Inaccurate Data Reporting: Reports may contain false information.
Storage Waste: Redundant records consume unnecessary space.
Decreased Query Performance: Queries on large tables with duplicates may perform poorly.

Why You Should Remove Duplicate Rows

Data Integrity: Duplicates can distort reports and analyses, leading to incorrect insights.
Optimal Performance: Redundant data can slow down queries, especially when dealing with large datasets.
Efficient Storage: Removing duplicates helps optimize storage usage, keeping your database lean.

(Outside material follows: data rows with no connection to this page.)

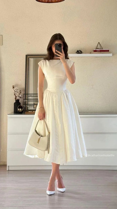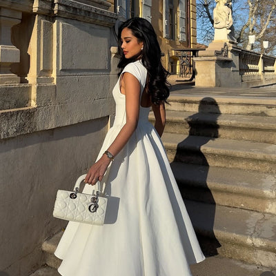 The Edith Midi Dress is a stunning choice for winter weddings, engagement celebrations, and refined formal events. Crafted from luxurious moiré satin, this full-skirted midi silhouette flows beautifully with every step, while the backless design and dropped shoulders add a modern, quietly confident edge. Finished with a soft tulle underskirt that peeks through as you move, Edith is made for graceful entrances, candlelit moments, and occasions where less says more.
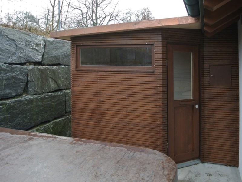 Soll die Verkleidung Ihrer Aussensauna beispielsweise passend zu einem angrenzenden Gebäude mit derselben Holzverkleidung ausgeführt werden, oder haben Sie besondere Vorstellungen von Ihrer Holzfassade, auch das ist bei uns möglich. Die Holzschalung wird dem bestehenden Gebäude angepasst oder nach Ihren Vorstellungen gefertigt und als hinterlüftete Fassade auf die Saunakonstruktion angebracht. Auch farblich haben Sie die Qual der Wahl, egal ob Lasur, naturbelassen oder Vorvergrauung, erlaubt ist, was gefällt.
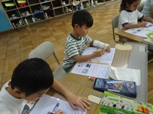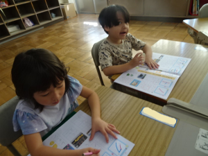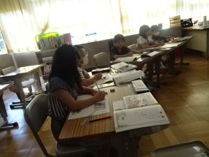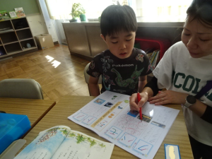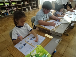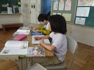 今日は、午後から就学時健診を行うので、全校が4時間授業です。その授業の様子です。1年生、カタカナをどんどん覚えています。花まるをたくさんもらって、やる気いっぱいです。
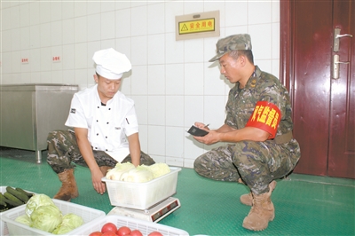 圖為高佳旭正在對(duì)伙食配送進(jìn)行監(jiān)督。張廣彬 攝
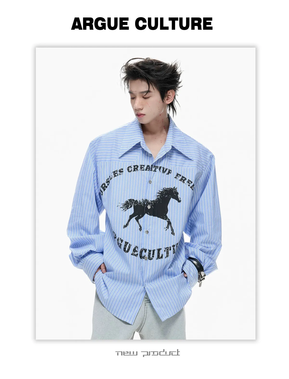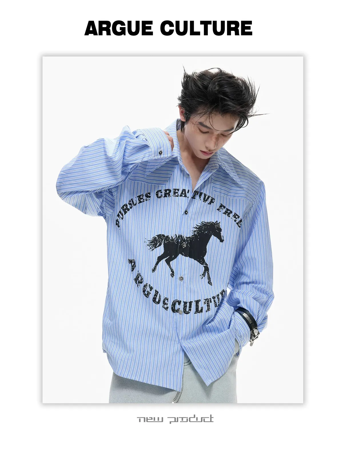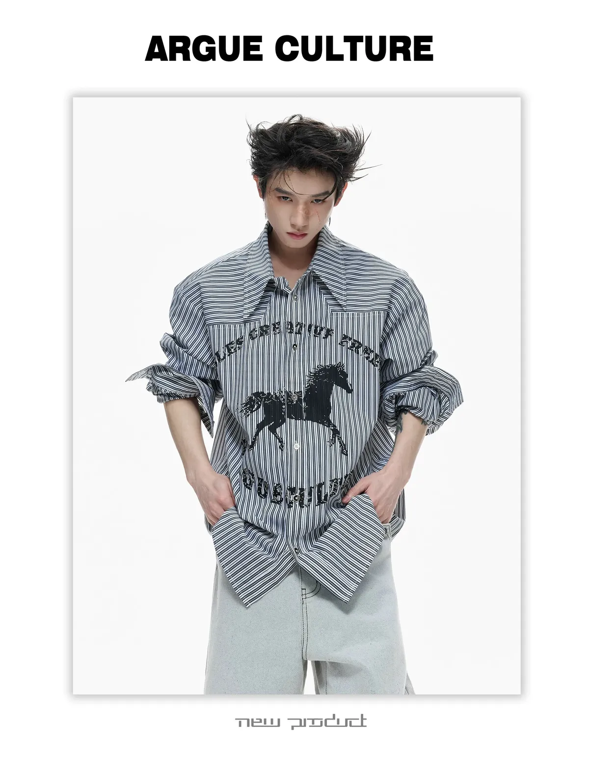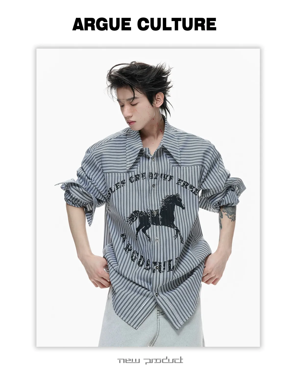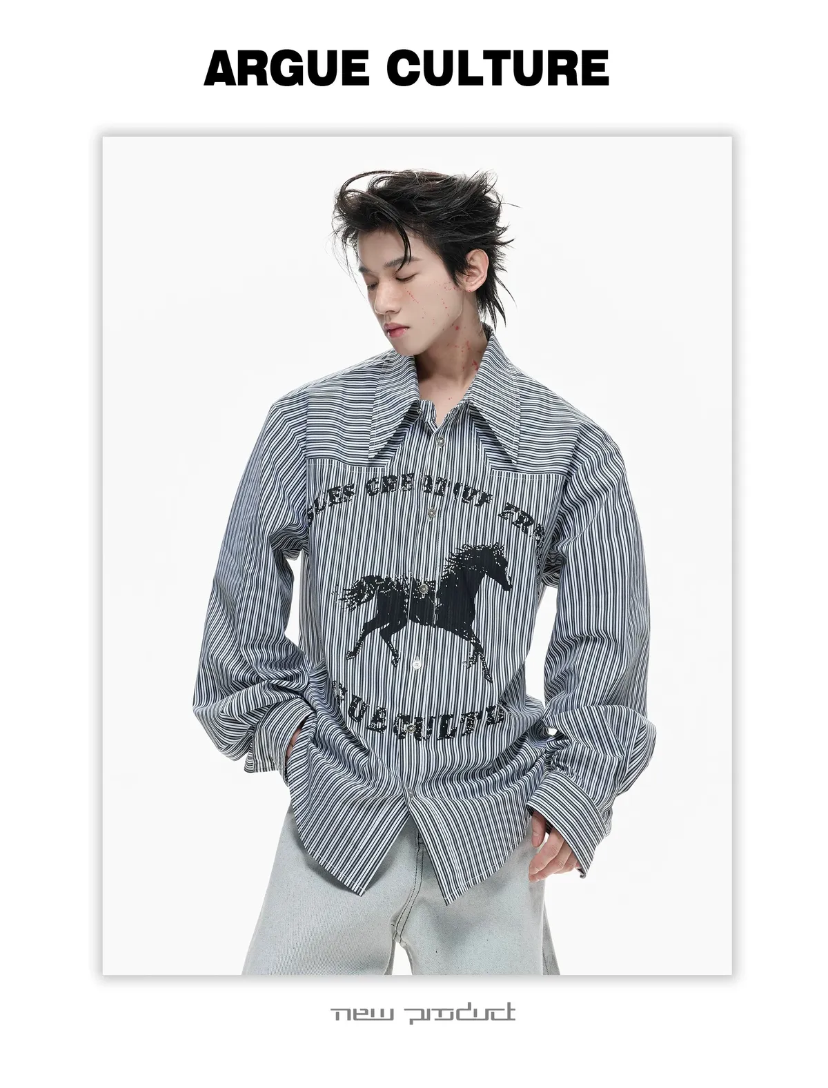 ARGUE 奔馬印花 燙鑽 條紋襯衫(灰/藍)
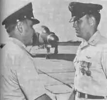 In 1945 he was assigned to the Far East Command as chief of the Redeployment Section, later becoming assistant chief of Air Staff for Supply. During his Far East Air Forces tour of duty he also served as deputy commanding officer, 13th Fighter Command; chief of staff, 85th Fighter Wing; and as commander, Fort William McKinley.
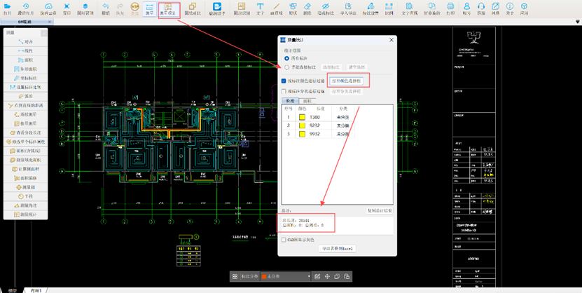 所有供、回水管测量完成后,使用【测量统计】功能,按颜色标注进行过滤。如图所示,水平供水管长度为20.81m,水平回水管长度为20.544m。
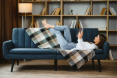 Zdjęcie "Spokojny czytania. Portret zadumany w wieku kobieta czytania ulubionej literatury w przytulnym domu. Leży ona na poduszki na wygodną sofę. Nogi pokryte są w miękki koc" może być wykorzystywane do celów osobistych i komercyjnych zgodnie z warunkami zakupionej licencji Royalty-free. Obraz jest dostępny do pobrania w jakości wysokiej rozdzielczości do 5760x3840.
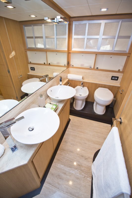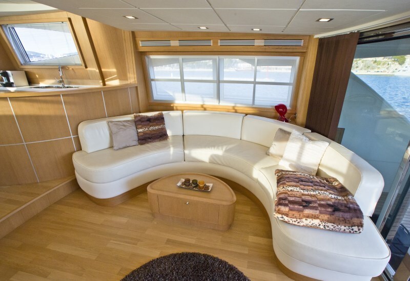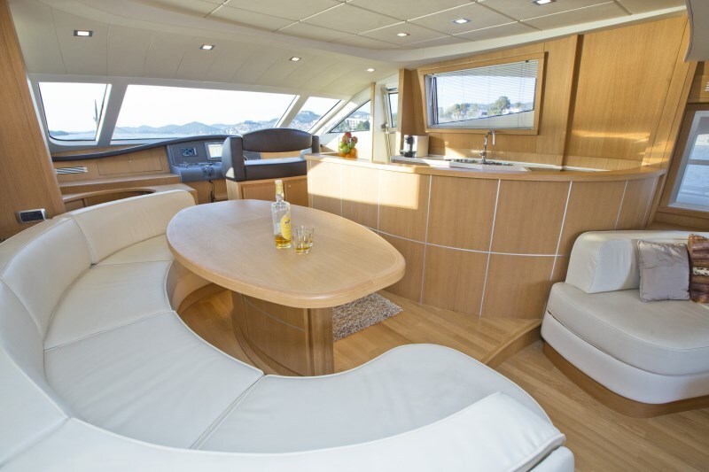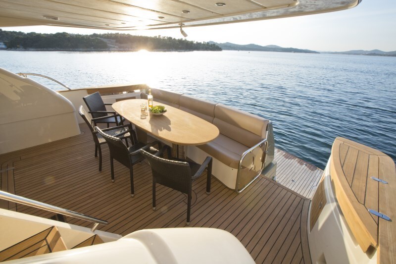 | Outside | Badeleiter, elektr. Ankerwinsch, Grill, hydraul. Gangway, Kühlschrank auf Flybridge, Liegestühle, Teak auf Flybridge, Teak im Cockpit |
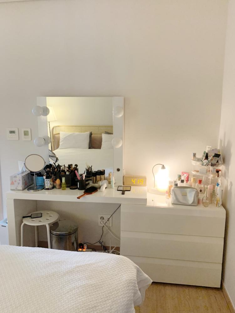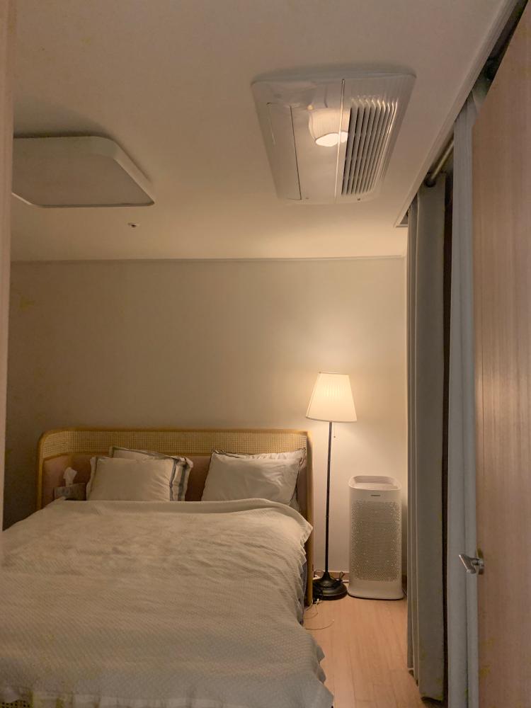 화장대-수납형 서랍이 딸린 화장대인데 거울은 제가 화장을 좀 좋아하는 편이라서 조명달린 거울조명을 따로 사서 합쳐서 쓰고 있습니다. 안방의 왼쪽 편에는 문이 두 개 있는데 첫 번째 문은 샤워부스 딸린 화장실이구요, 오른쪽 문은 드레스룸입니다. 안방의 가전제품 소개-삼성블루스카이 공기청정기 쓰고 있습니다. 에어컨은 LG시스템 에어컨이구요, 그리고 루나가습기 쓰고 있습니다.
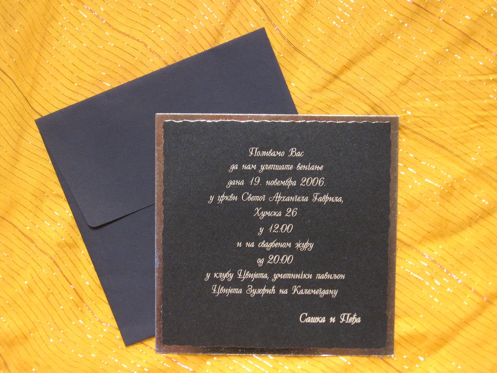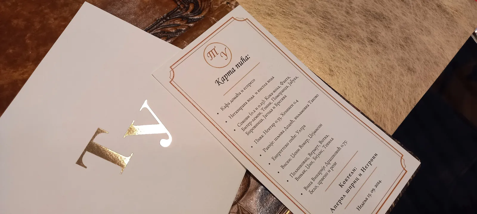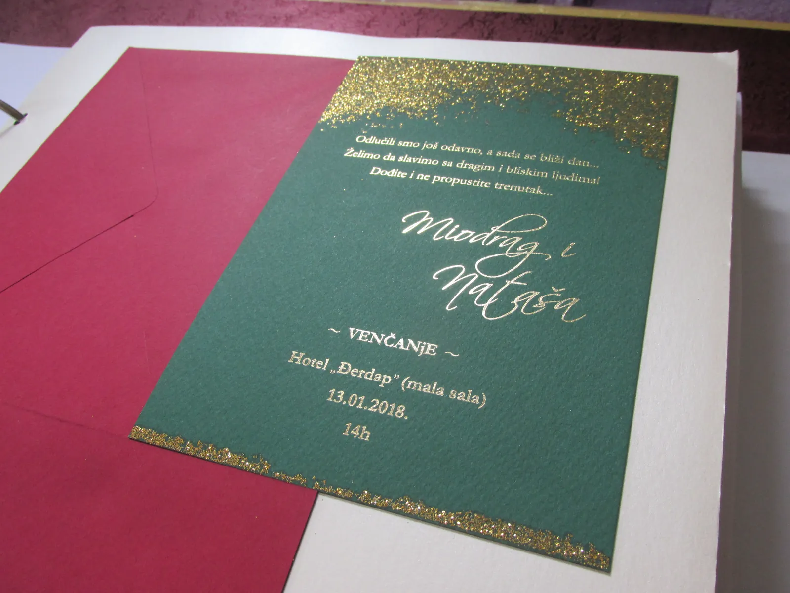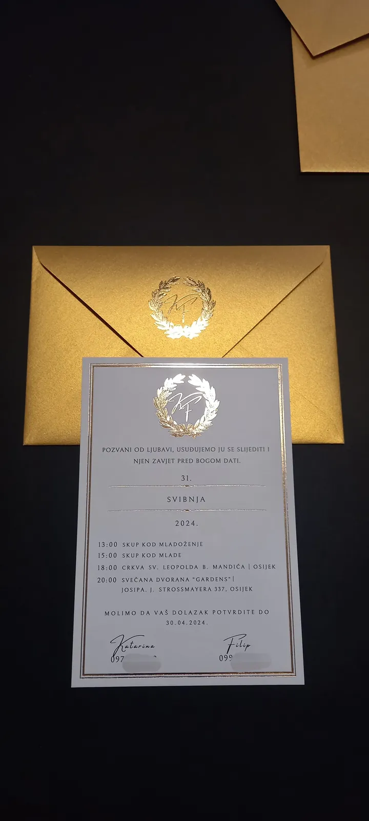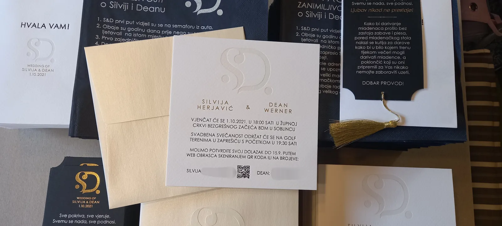 Na kovertama štampamo često inicijale u zlatotisku ili reljefnoj štampi, blindruku. Pečati od voska su prelep ukras za zatvaranje koverata ili pečati od papira sa inicijalima mladencima. Osim naših modela, IZRAĐUJEMO POZIVNICE PO VAŠOJ ŽELJI I VAŠEM DIZAJNU!

Creating the Sample Table and Inserting Data

To effectively remove duplicate rows in SQL, we can follow a structured approach. Let’s begin by creating a table called DETAILS and populating it with some sample data, including duplicate rows.

Step 1: Create the Sample Table

We will create a table named DETAILS to demonstrate how to identify and delete duplicate rows. This step helps in setting up the necessary structure to store sample data and perform operations like detecting duplicates and applying deletion techniques.

Query:

CREATE TABLE DETAILS (
    SN INT IDENTITY(1,1) PRIMARY KEY,
    EMPNAME VARCHAR(25) NOT NULL,
    DEPT VARCHAR(20) NOT NULL,
    CONTACTNO BIGINT NOT NULL,
    CITY VARCHAR(15) NOT NULL
);

Step 2: Insert Data into the Table

Let’s insert some data, including duplicates, into the DETAILS table. This step allows us to copy real-world scenarios where duplicate records might occur, enabling us to demonstrate how to identify and remove them effectively.

Query:

INSERT INTO DETAILS (EMPNAME, DEPT, CONTACTNO, CITY)
VALUES 
    ('VISHAL', 'SALES', 9193458625, 'GAZIABAD'),
    ('VIPIN', 'MANAGER', 7352158944, 'BAREILLY'),
    ('ROHIT', 'IT', 7830246946, 'KANPUR'),
    ('RAHUL', 'MARKETING', 9635688441, 'MEERUT'),
    ('SANJAY', 'SALES', 9149335694, 'MORADABAD'),
    ('VIPIN', 'MANAGER', 7352158944, 'BAREILLY'),
    ('VISHAL', 'SALES', 9193458625, 'GAZIABAD'),
    ('AMAN', 'IT', 78359941265, 'RAMPUR');

Output

How to Identify Duplicate Rows

We Use the GROUP BY clause with the COUNT(*) function to find rows with duplicate values. This step helps us group the records by specific columns and count how many times each combination occurs, making it easier to identify duplicates that appear more than once in the table.

Query:

SELECT EMPNAME, DEPT, CONTACTNO, CITY, 
COUNT(*) FROM DETAILS
GROUP BY EMPNAME, DEPT, CONTACTNO, CITY
HAVING COUNT(*)>1

Output

Explanation: This query will return the duplicate records based on the combination of EMPNAME, DEPT, CONTACTNO, and CITY.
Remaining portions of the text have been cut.